The internal senior users should be people that understand the basic datacenter parts (from a technical perspective) and really know the current internal processes. Ideal candidates are senior technicians, your quality manager, backoffice sales people (if you’re a co-lo) and site/operations managers.

The internal senior users also play an important role in the internal change process. They should be enthusiast early adapters who really want to lead the change and believe in the solution.


After you kicked off your implementation team, you should schedule training for your senior users and early adaptors first. Have them trained by the DCIM vendor. This can be done on dummy (fictive) data. This way your senior users can start thinking about the way the DCIM software should be used within your own organization. Include some Q&A and ‘play’ time at the end of the training. Having a sandbox installation of the DCIM software available for your senior users after the training also helps them to get more familiar with the tool and test some of their process ideas.

After you have done the loading of your actual data and you made your process decisions surrounding the DCIM tool, you can start training all your users.

Some of the DCIM vendors will tell you that training is not needed because their tool is so very user friendly. The software maybe user friendly but your users should still need to be trained on the specific usage of the tool within your own organization.

Have the DCIM vendor trainer team up with your senior users in the actual training. This way you can make the training specific for your implementation and have the senior users at hand to answer any organization specific questions.

The training of general users is an important part of the change and process implementation in your organization.
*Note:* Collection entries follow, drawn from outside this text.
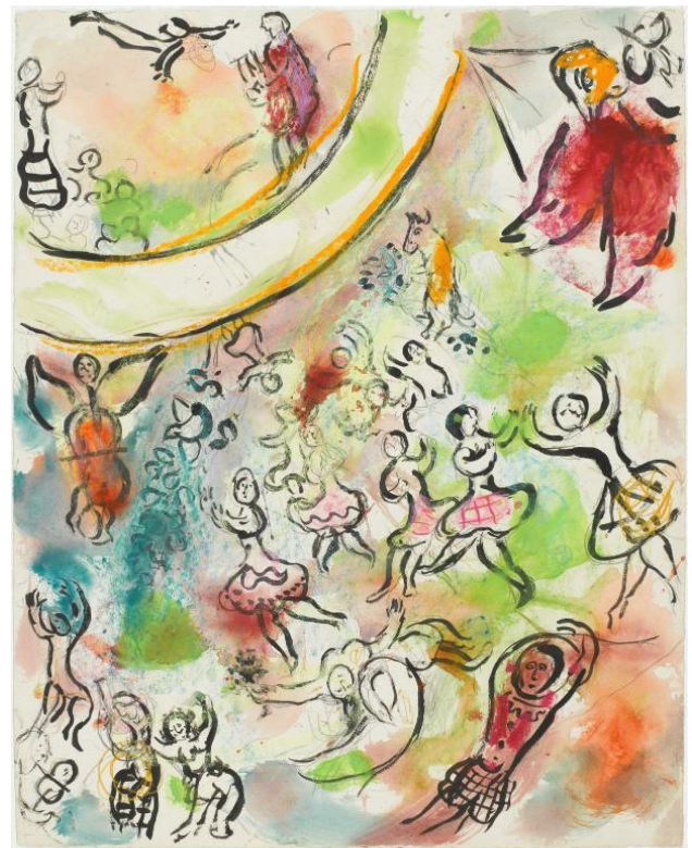
Maquette pour le plafond de l'Opéra Garnier : "Le Lac des cygnes" par Marc Chagall ©Adagp, Paris

Ce concert vous propose de découvrir une version instrumentale (sans danseurs) de ce joyau du ballet romantique composé par Tchaïkovski à la fin du 19 e siècle. Après une présentation des instruments de l'orchestre, vous entendrez une sélection d'extraits emblématiques, à l'instar du poignant thème d'Odette ou de la sautillante danse des petits cygnes, concentré de vivacité et de panache. Laissez-vous envoûter et vibrer à l'unisson avec les musiciens de l'ONPL !
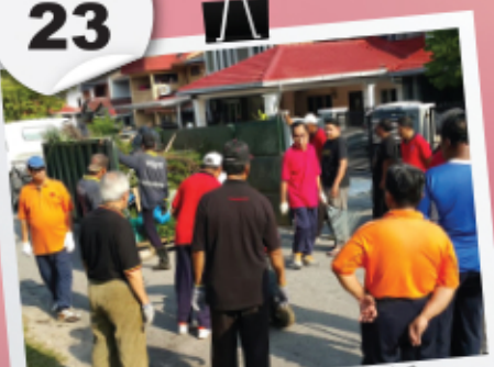
Gotong-royong Penduduk Puspasari Sek 3 Bandar Baru Bangi
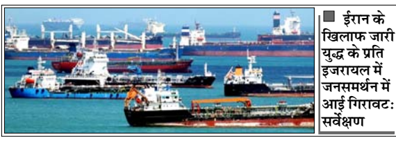
ईरान के खिलाफ जारी युद्ध के प्रति इजरायल में जनसमर्थन में आई गिरावट: सर्वेक्षण
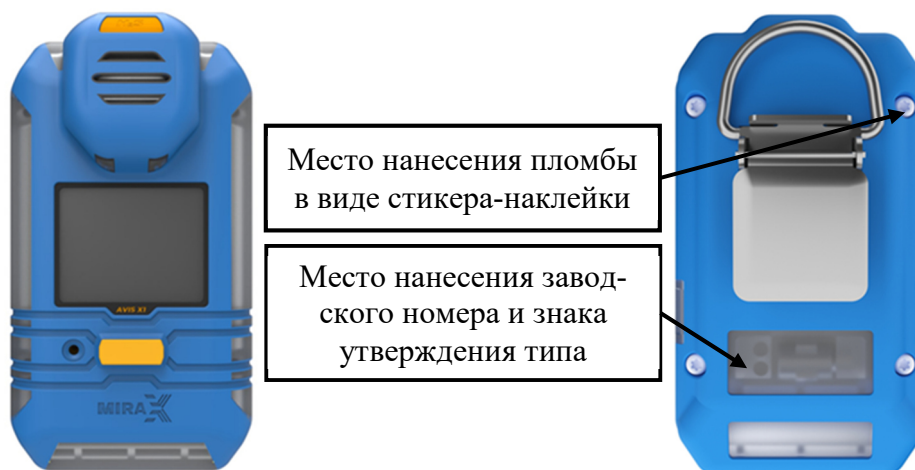
а) модификация AVIS X1
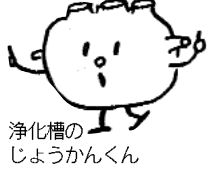
浄化槽の じょうかんくん

合併処理浄化槽の設置を補助をします。受付窓口は住民1課衛生係です。また、すでに設置している人は保守点検・清掃・法定検査を必ず受けましょう。
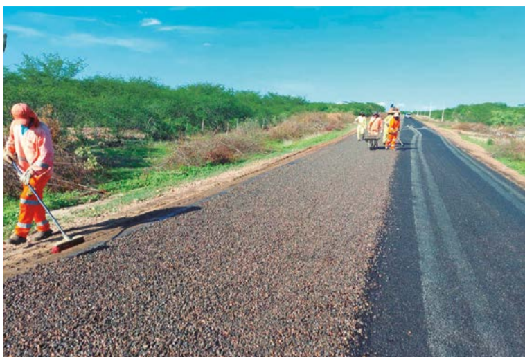
Novo acesso ao distrito de Boi Selado impulsionará desenvolvimento da região

Take any feedback during the general training seriously. Provide the users with a sandbox installation of the software so they can try things without breaking your production installation and data. This will give you broad support for the new way of working.

Data import and migration.

Based on the advise in the first article , you will already have identified your current data sources.

During the implementation process the current data will need to be imported in to the DCIM data structure or integrated.

Before you import you will need to assess your data; are all the Excel, Visio and AutoCAD drawings accurate? Garbage import means garbage output in the DCIM tool.

Intelligent import procedures can help to clean your current data; connecting data sources and cross referencing them will show you the mismatches. For example: adding (DCIM) intelligence to importing multiple Excel sheets with fiber cables and then generating a report with fiber ports that have more than 1 cable connected to them (which would be impossible i.r.l ).

Your DCIM vendor or its partner should be able to facilitate the import. Make sure you cover this in the procurement negotiations; what kind of data formats can they import? Should you supply the data in a specific format?

This also brings us back to the basic datacenter knowledge of the DCIM vendor/partner. I have seen people import Excel lists of fiber cable and connect them to PDU’s… The DCIM vendor/partner should provide you a worry free import experience.

Create phases in the data import and have your (already trained) senior users preform acceptance tests. They know your datacenter layout and can check for inconsistencies.

Prepare to be flexible during the import; not everything can be modeled the way you want it in the software.

For example when I bought my first DCIM tool in 2006 they couldn’t model blade servers yet and we needed a work around for it. Make sure the workarounds are known and supported by the DCIM vendor; you don’t want to create all your workaround assets again when the software update finally arrives that supports the correct models. The DCIM vendor should be able to migrate this for you.


The first article did a drill down of the importance of integration. Make sure your DCIM vendor can accommodate your integration wishes.

Integration can be very complex and mess-up your data (or worse) if not done correctly. Test extensively, on non-production data, before you go live with integration connections.

The integration part of the implementation process is very suitable for a phased approach. You don’t need all the integrations on day one of the implementation.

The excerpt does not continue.